¿Habéis pensado alguna vez qué es más importante en
conservación de la naturaleza, entender cómo funcionan los ecosistemas, ó
comprender cómo lo hacen los seres humanos?. Una de las principales
conclusiones del último informe la Plataforma Intergubernamental sobre
Biodiversidad y Servicios de los Ecosistemas (IPBES), fue la urgente necesidad
de integrar la cultura y la identidad en las políticas globales de
conservación.
Las formas
en la que nos relacionamos con la naturaleza son múltiples, complejas e,
incluso, contradictorias.
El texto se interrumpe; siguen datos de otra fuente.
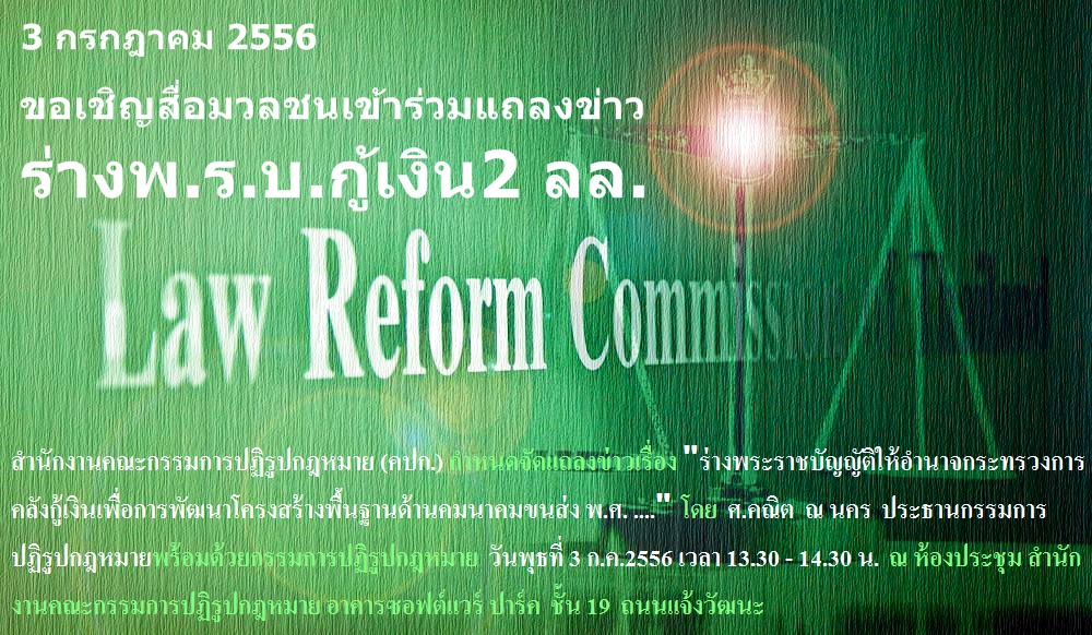 สำนักงานคณะกรรมการปฏิรูปกฎหมาย (คปก.) กำหนดจัดการ แถลงข่าวแก่สื่อมวลชน เรื่อง “ร่างพระราชบัญญัติให้อำนาจกระทรวงการคลังกู้เงินเพื่อการพัฒนาโครงสร้างพื้นฐานด้านคมนาคมขนส่ง พ.ศ. ....” โดย ศาสตราจารย์ ดร.คณิต ณ นคร ประธานกรรมการปฏิรูปกฎหมายพร้อมด้วยกรรมการปฏิรูปกฎหมาย ในวันพุธที่ ๓ กรกฎาคม ๒๕๕๖ เวลา ๑๓.๓๐ - ๑๔.๓๐ น. ณ ห้องประชุม สำนักงานคณะกรรมการปฏิรูปกฎหมายอาคารซอฟต์แวร์ ปาร์ค ชั้น ๑๙ ถนนแจ้งวัฒนะ อำเภอปากเกร็ด จังหวัดนนทบุรี

Pueden ser beneficiosas, como por ejemplo a
través del reconocimiento de la mejora de la forma de vida, pero también
perjudiciales, como por ejemplo la deforestación, la expansión urbana o los
incendios provocados.
Responder a
esta pregunta implica la necesidad de identificar los factores que explican
estas diferentes formas de interaccionar con la naturaleza. Uno de esos
factores, son las emociones que los ecosistemas nos provocan.
En esta
charla usaremos los ecosistemas áridos y semiáridos de la provincia de Almería
para reflexionar y discutir sobre el papel de las emociones en la conservación,
o degradación, de estos ecosistemas únicos.